В моей жизни было несколько таких проблесков. Но не было учителя, который провел бы меня от проблесков к совершенному пробуждению. Некому было довериться — кроме Зины. Ей я сразу поверил. И хотя до сих пор не умею созерцать так глубоко, как она, — от нее я многому научился. Но она сама не все знала, — или не все могла, придавленная своей болезнью. И наконец, она была она, а я был я, и мне надо было найти самого себя, а не только видеть ее. И все же я сразу поверил ей, и это мне очень помогло.
«Религия нуждается в вере, доверии, — продолжает Раджнеш свой ответ слушателю, хотевшему прыгнуть в окно. — Доверие — это дверь, окно в истину. Но мужество будет необходимо. Этот страх, эта тяга к окнам, которую вы ощущали, говорит, что вы с детства находились в поиске. Может быть, этот поиск уходит еще глубже в прошлое, в другие жизни. Так говорит мое чувство. Вы пробирались ощупью, искали. Вы находились в постоянном поиске. Отсюда этот страх и эта тяга. Есть поиск и есть страх, потому что кто знает — если вы подойдете слишком близко к окну, внезапно, в какой-то безумный миг вас это так захватит, что вы можете прыгнуть. И что тогда?»
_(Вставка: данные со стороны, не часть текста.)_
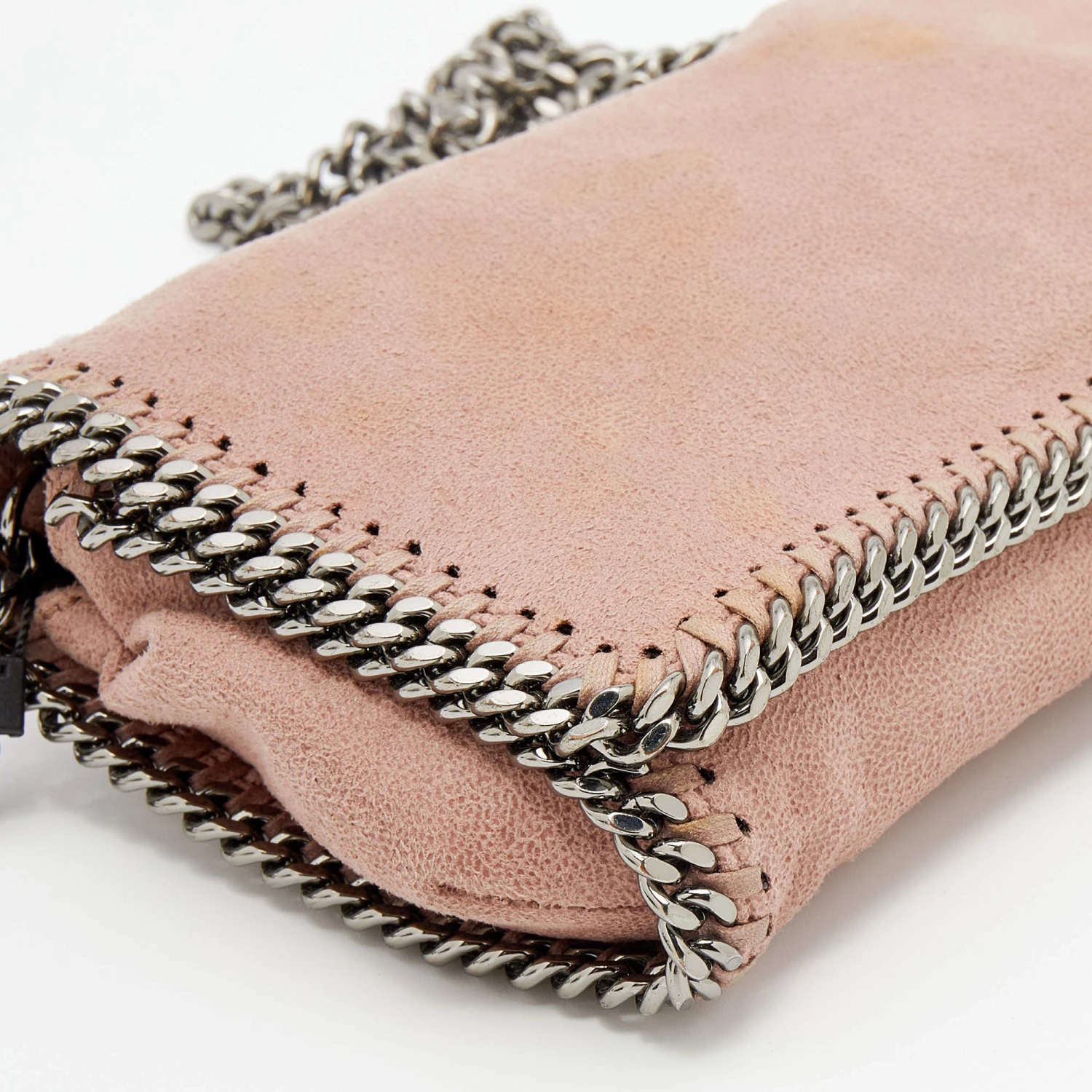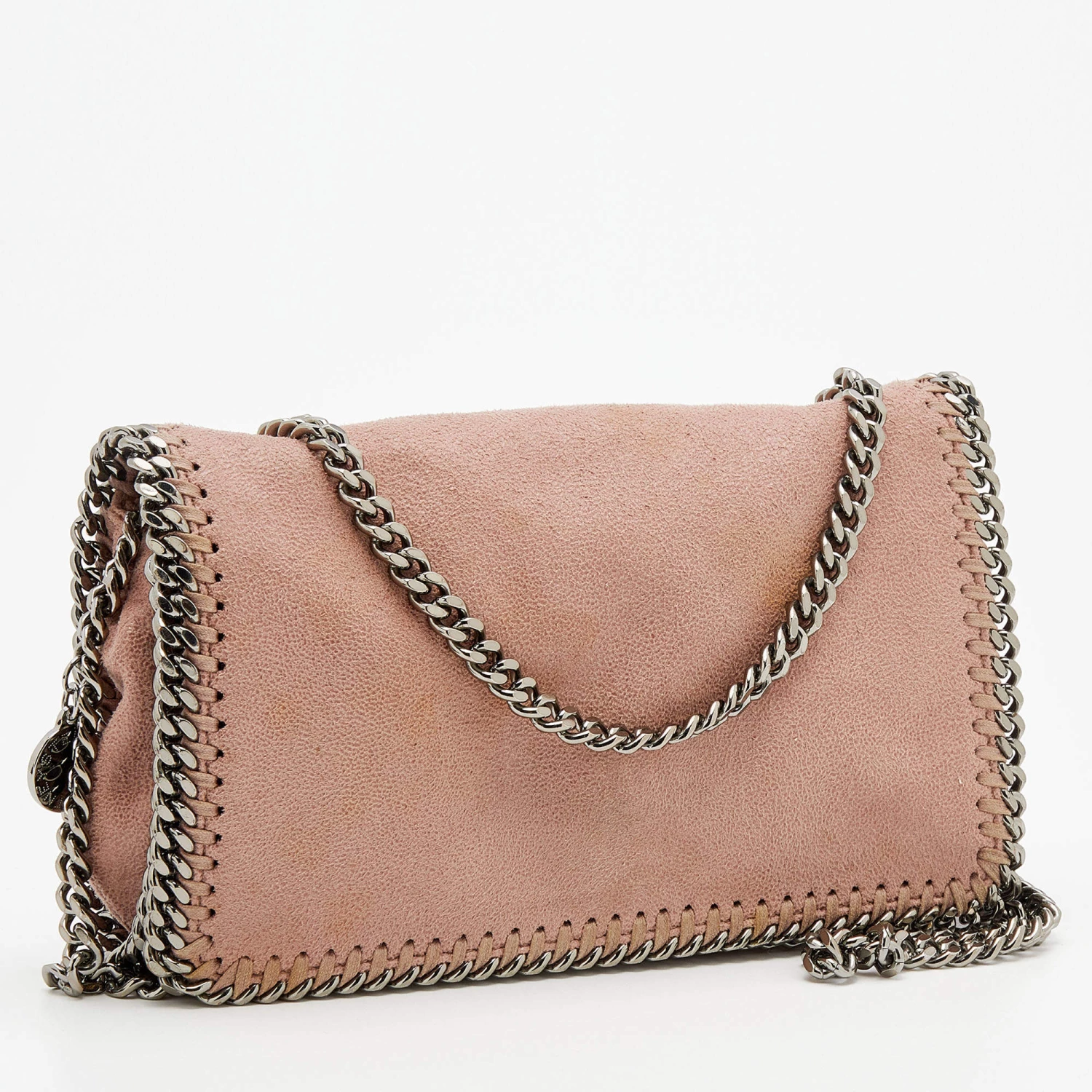 The chain whipstitch detailing beautifully outlines this Stella McCartney Flabella bag. Crafted from faux leather, it has been adorned with silver-tone accents, and it can be carried with a chain shoulder strap. The fabric-lined interior can safely store your party essentials and is secured by a flap closure.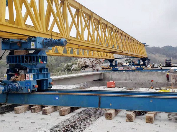 JQ900A型架橋機架梁作業為跨一孔簡支式架梁,由YL900型運梁車運梁至架橋機尾部喂梁,起重小車吊梁拖拉取梁,空中微調箱梁位置就位,架橋機采用液壓驅動輪胎走行,步履縱移過孔作業方式。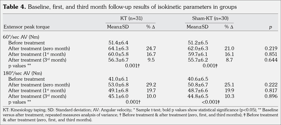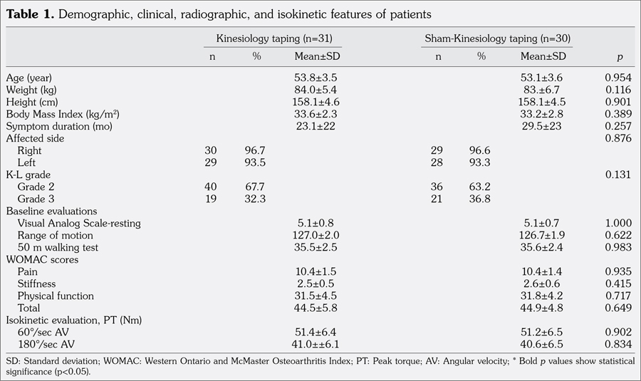 Patients and methods: The study included 61 female patients (mean age 53.5±3.5 years; range 50 to 60 years) who were admitted to Physical Medicine and Rehabilitation Outpatient Clinic with complaints of mechanical knee pain. Knee osteoarthritis was diagnosed according to the clinical/ radiological criteria of the American College of Rheumatology and patients with Kellgren-Lawrence grade 2 and 3 were included. Patients were randomly divided into two groups. Both groups received transcutaneous electrical nerve stimulation for 30 minutes, hot pack for 30 minutes, and therapeutic ultrasound for 10 minutes in a day for three weeks (five days in a week). Also, one group was treated with KT (KT group, n=31) while the other group was treated with sham-KT (sham-KT group, n=30) one time a week for three weeks. A home program of around the knee strengthening exercises was recommended for all patients. All patients were evaluated with visual analog scale, Western Ontario and McMaster Osteoarthritis Index (WOMAC) values, goniometric measurement of active knee range of motion, 50-meter walking distance, and isokinetic knee extensor muscle peak torque measurements before treatment, at the end of treatment, and at one month and three months after treatment.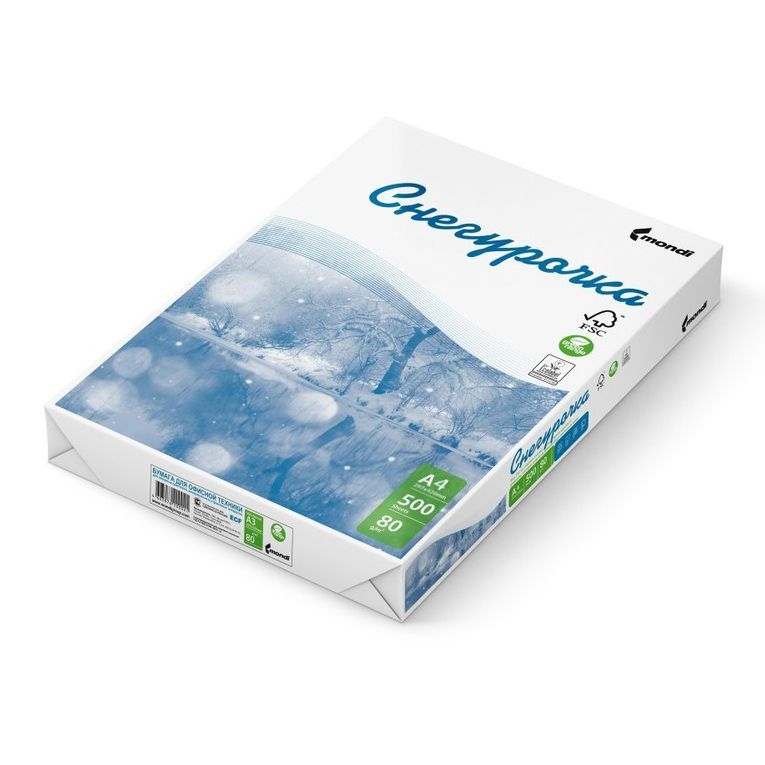 Универсальная белая бумага класса C Mondi "Снегурочка" для лазерной, струйной и матричной печати, А4, 80 г/м2, 500 листов.

Страх — это тормоз. Он удерживает нас от слишком раннего прыжка, от ненужного прыжка, от не вашего прыжка. Но рано или поздно придется прыгнуть. И тогда надо суметь прыгнуть. Без готовности к прыжку, без созерцания пропасти жизнь не полна.
Артист, вышедший на сцену без трепета, вяло играет свою роль. Но артист, испугавшийся зрительного зала, вовсе собьется. Бог создал нас для известной ему одному роли в большом спектакле. Надо угадать свой текст и суметь сыграть — с трепетом, но без заикания. В самой любви, изгоняющей страх, есть новый страх: за любимого, за любовь, за плод любви… Сама любовь неотделима от трепета, близкого к страху.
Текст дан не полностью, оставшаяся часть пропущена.